» **Exercise**
Output all the records word for word. Drop the pictures.

» **Data records**
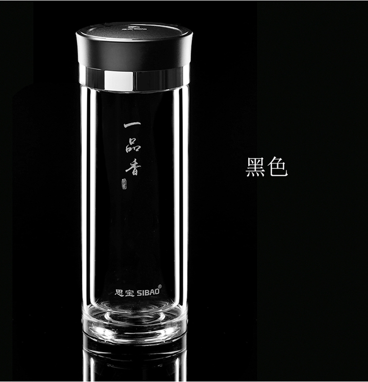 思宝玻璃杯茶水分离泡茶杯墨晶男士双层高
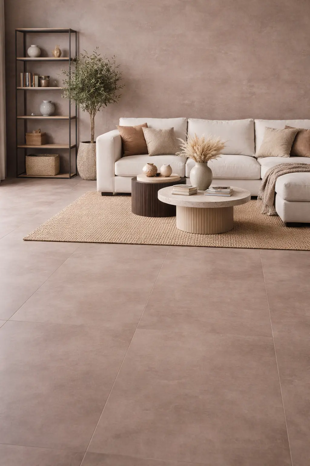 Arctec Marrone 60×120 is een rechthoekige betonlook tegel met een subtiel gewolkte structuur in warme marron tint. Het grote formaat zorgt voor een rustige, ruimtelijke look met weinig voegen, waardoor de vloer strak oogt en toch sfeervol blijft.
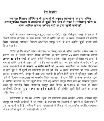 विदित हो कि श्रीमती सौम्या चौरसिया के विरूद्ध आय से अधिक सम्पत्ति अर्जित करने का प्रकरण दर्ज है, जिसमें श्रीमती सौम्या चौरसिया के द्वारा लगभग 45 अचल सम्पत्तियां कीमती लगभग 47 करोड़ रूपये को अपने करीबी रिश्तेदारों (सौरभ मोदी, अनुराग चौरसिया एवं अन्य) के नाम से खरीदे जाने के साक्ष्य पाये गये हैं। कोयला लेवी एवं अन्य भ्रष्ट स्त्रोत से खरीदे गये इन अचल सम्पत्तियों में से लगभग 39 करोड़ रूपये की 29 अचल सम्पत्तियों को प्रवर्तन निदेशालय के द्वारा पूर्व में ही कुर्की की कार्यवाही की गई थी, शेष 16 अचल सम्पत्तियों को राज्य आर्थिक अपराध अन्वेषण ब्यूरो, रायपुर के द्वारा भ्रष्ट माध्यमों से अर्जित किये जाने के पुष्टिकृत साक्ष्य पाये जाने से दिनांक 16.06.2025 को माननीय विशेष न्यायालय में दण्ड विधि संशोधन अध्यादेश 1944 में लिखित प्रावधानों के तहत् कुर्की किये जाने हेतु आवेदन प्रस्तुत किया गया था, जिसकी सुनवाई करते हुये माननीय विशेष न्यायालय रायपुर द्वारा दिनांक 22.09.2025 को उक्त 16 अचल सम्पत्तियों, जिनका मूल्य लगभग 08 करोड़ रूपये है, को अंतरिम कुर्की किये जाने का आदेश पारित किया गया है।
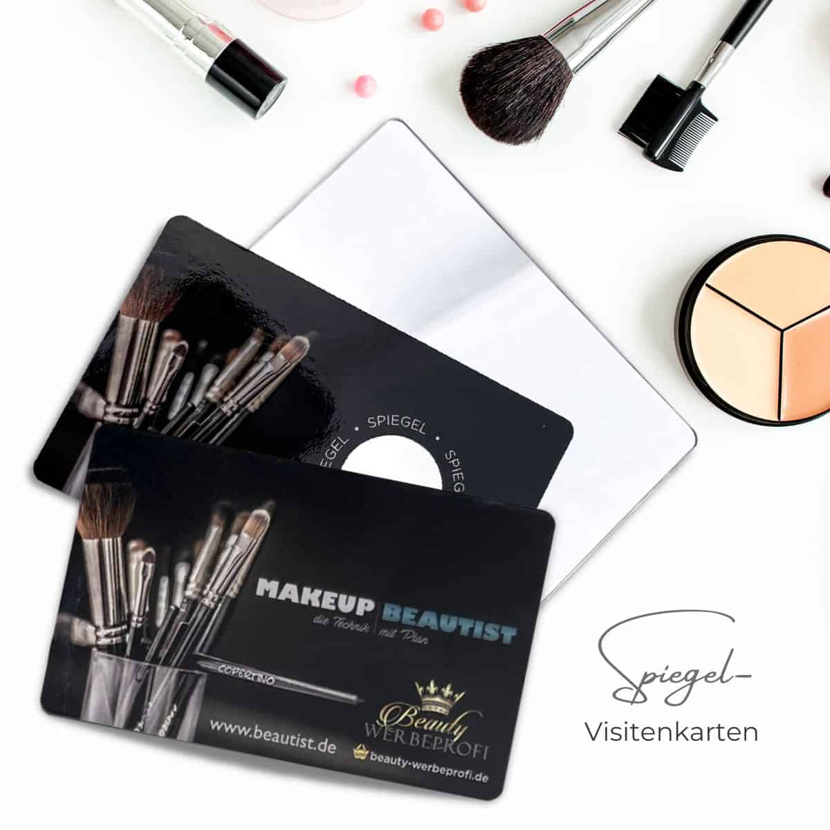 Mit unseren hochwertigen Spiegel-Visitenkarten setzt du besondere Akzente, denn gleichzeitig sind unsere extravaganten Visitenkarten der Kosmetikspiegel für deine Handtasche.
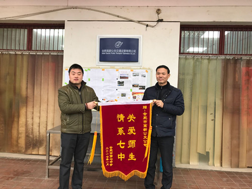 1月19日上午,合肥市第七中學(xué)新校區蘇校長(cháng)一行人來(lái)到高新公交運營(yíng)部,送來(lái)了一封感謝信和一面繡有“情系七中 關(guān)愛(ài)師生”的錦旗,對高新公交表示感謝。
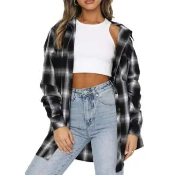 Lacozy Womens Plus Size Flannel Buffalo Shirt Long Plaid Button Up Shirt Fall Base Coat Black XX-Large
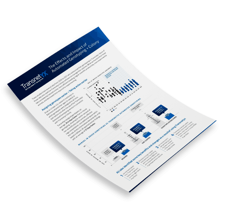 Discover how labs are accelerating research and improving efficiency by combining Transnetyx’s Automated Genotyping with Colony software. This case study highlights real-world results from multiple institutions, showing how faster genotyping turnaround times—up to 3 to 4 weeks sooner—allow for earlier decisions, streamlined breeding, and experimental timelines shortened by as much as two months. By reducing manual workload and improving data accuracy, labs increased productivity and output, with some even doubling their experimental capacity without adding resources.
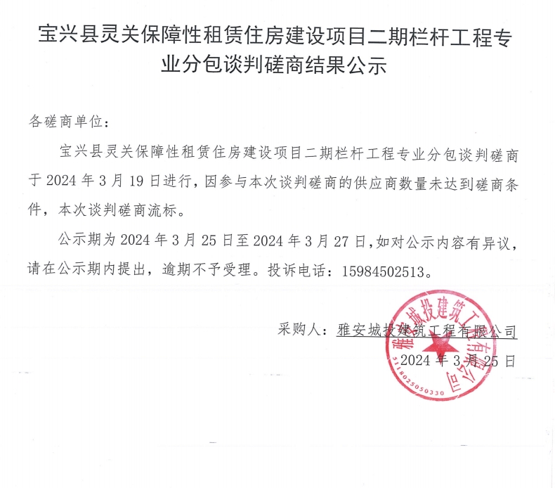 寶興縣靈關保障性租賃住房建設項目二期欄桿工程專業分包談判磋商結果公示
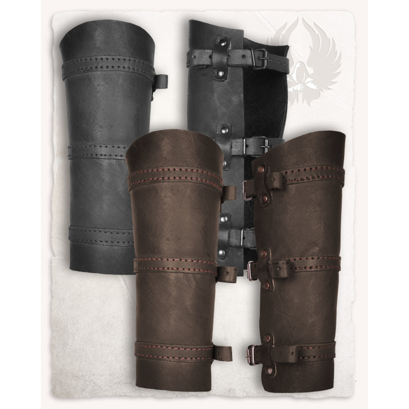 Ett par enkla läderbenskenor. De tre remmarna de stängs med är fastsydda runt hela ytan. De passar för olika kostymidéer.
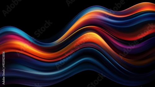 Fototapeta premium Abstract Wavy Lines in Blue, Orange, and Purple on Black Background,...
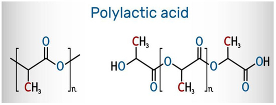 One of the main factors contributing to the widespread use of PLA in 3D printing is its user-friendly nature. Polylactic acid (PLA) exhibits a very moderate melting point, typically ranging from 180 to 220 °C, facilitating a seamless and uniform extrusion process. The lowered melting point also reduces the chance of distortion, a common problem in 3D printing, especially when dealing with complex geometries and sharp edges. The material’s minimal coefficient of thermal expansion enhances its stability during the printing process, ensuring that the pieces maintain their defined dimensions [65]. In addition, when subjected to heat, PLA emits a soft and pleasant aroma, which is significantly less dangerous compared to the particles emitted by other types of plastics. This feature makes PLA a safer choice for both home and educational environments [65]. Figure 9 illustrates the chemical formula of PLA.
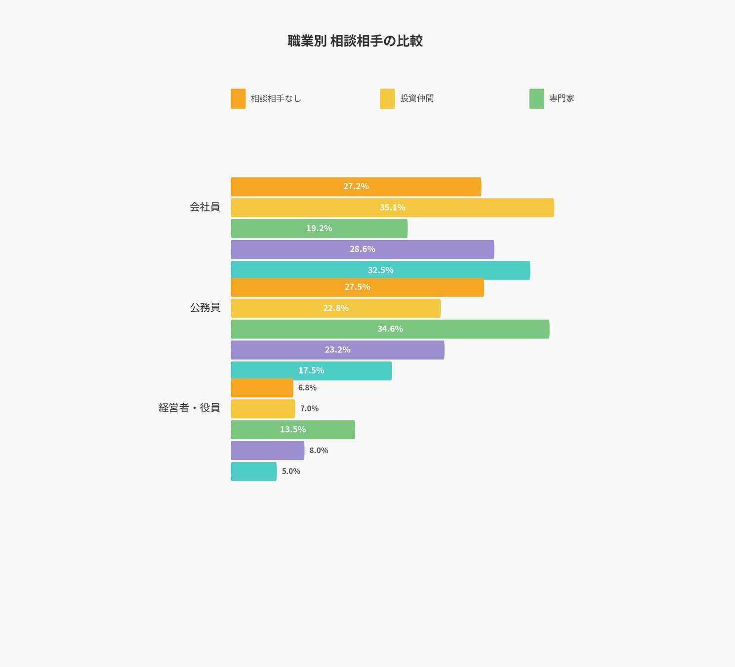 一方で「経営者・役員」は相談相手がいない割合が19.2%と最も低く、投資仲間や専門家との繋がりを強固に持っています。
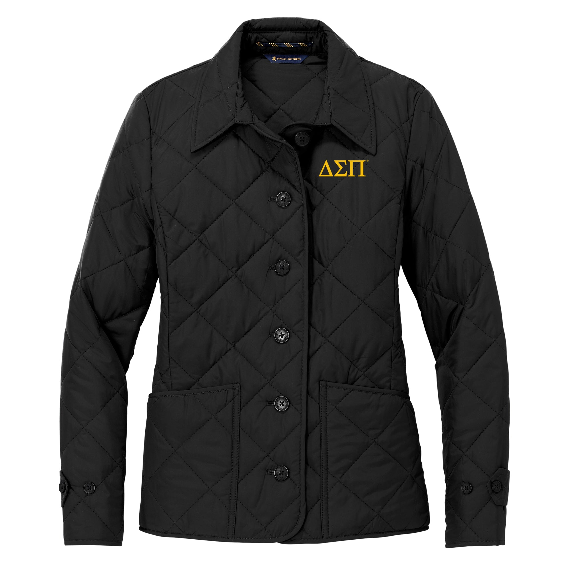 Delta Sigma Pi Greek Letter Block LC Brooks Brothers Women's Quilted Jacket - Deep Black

» **Answer below**
 思宝玻璃杯茶水分离泡茶杯墨晶男士双层高
 Arctec Marrone 60×120 is een rechthoekige betonlook tegel met een subtiel gewolkte structuur in warme marron tint. Het grote formaat zorgt voor een rustige, ruimtelijke look met weinig voegen, waardoor de vloer strak oogt en toch sfeervol blijft.
 विदित हो कि श्रीमती सौम्या चौरसिया के विरूद्ध आय से अधिक सम्पत्ति अर्जित करने का प्रकरण दर्ज है, जिसमें श्रीमती सौम्या चौरसिया के द्वारा लगभग 45 अचल सम्पत्तियां कीमती लगभग 47 करोड़ रूपये को अपने करीबी रिश्तेदारों (सौरभ मोदी, अनुराग चौरसिया एवं अन्य) के नाम से खरीदे जाने के साक्ष्य पाये गये हैं। कोयला लेवी एवं अन्य भ्रष्ट स्त्रोत से खरीदे गये इन अचल सम्पत्तियों में से लगभग 39 करोड़ रूपये की 29 अचल सम्पत्तियों को प्रवर्तन निदेशालय के द्वारा पूर्व में ही कुर्की की कार्यवाही की गई थी, शेष 16 अचल सम्पत्तियों को राज्य आर्थिक अपराध अन्वेषण ब्यूरो, रायपुर के द्वारा भ्रष्ट माध्यमों से अर्जित किये जाने के पुष्टिकृत साक्ष्य पाये जाने से दिनांक 16.06.2025 को माननीय विशेष न्यायालय में दण्ड विधि संशोधन अध्यादेश 1944 में लिखित प्रावधानों के तहत् कुर्की किये जाने हेतु आवेदन प्रस्तुत किया गया था, जिसकी सुनवाई करते हुये माननीय विशेष न्यायालय रायपुर द्वारा दिनांक 22.09.2025 को उक्त 16 अचल सम्पत्तियों, जिनका मूल्य लगभग 08 करोड़ रूपये है, को अंतरिम कुर्की किये जाने का आदेश पारित किया गया है।
 Mit unseren hochwertigen Spiegel-Visitenkarten setzt du besondere Akzente, denn gleichzeitig sind unsere extravaganten Visitenkarten der Kosmetikspiegel für deine Handtasche.
 1月19日上午,合肥市第七中學(xué)新校區蘇校長(cháng)一行人來(lái)到高新公交運營(yíng)部,送來(lái)了一封感謝信和一面繡有“情系七中 關(guān)愛(ài)師生”的錦旗,對高新公交表示感謝。
 Lacozy Womens Plus Size Flannel Buffalo Shirt Long Plaid Button Up Shirt Fall Base Coat Black XX-Large
 Discover how labs are accelerating research and improving efficiency by combining Transnetyx’s Automated Genotyping with Colony software. This case study highlights real-world results from multiple institutions, showing how faster genotyping turnaround times—up to 3 to 4 weeks sooner—allow for earlier decisions, streamlined breeding, and experimental timelines shortened by as much as two months. By reducing manual workload and improving data accuracy, labs increased productivity and output, with some even doubling their experimental capacity without adding resources.
 寶興縣靈關保障性租賃住房建設項目二期欄桿工程專業分包談判磋商結果公示
 Ett par enkla läderbenskenor. De tre remmarna de stängs med är fastsydda runt hela ytan. De passar för olika kostymidéer.
 Fototapeta premium Abstract Wavy Lines in Blue, Orange, and Purple on Black Background,...
 One of the main factors contributing to the widespread use of PLA in 3D printing is its user-friendly nature. Polylactic acid (PLA) exhibits a very moderate melting point, typically ranging from 180 to 220 °C, facilitating a seamless and uniform extrusion process. The lowered melting point also reduces the chance of distortion, a common problem in 3D printing, especially when dealing with complex geometries and sharp edges. The material’s minimal coefficient of thermal expansion enhances its stability during the printing process, ensuring that the pieces maintain their defined dimensions [65]. In addition, when subjected to heat, PLA emits a soft and pleasant aroma, which is significantly less dangerous compared to the particles emitted by other types of plastics. This feature makes PLA a safer choice for both home and educational environments [65]. Figure 9 illustrates the chemical formula of PLA.
 一方で「経営者・役員」は相談相手がいない割合が19.2%と最も低く、投資仲間や専門家との繋がりを強固に持っています。
 Delta Sigma Pi Greek Letter Block LC Brooks Brothers Women's Quilted Jacket - Deep Black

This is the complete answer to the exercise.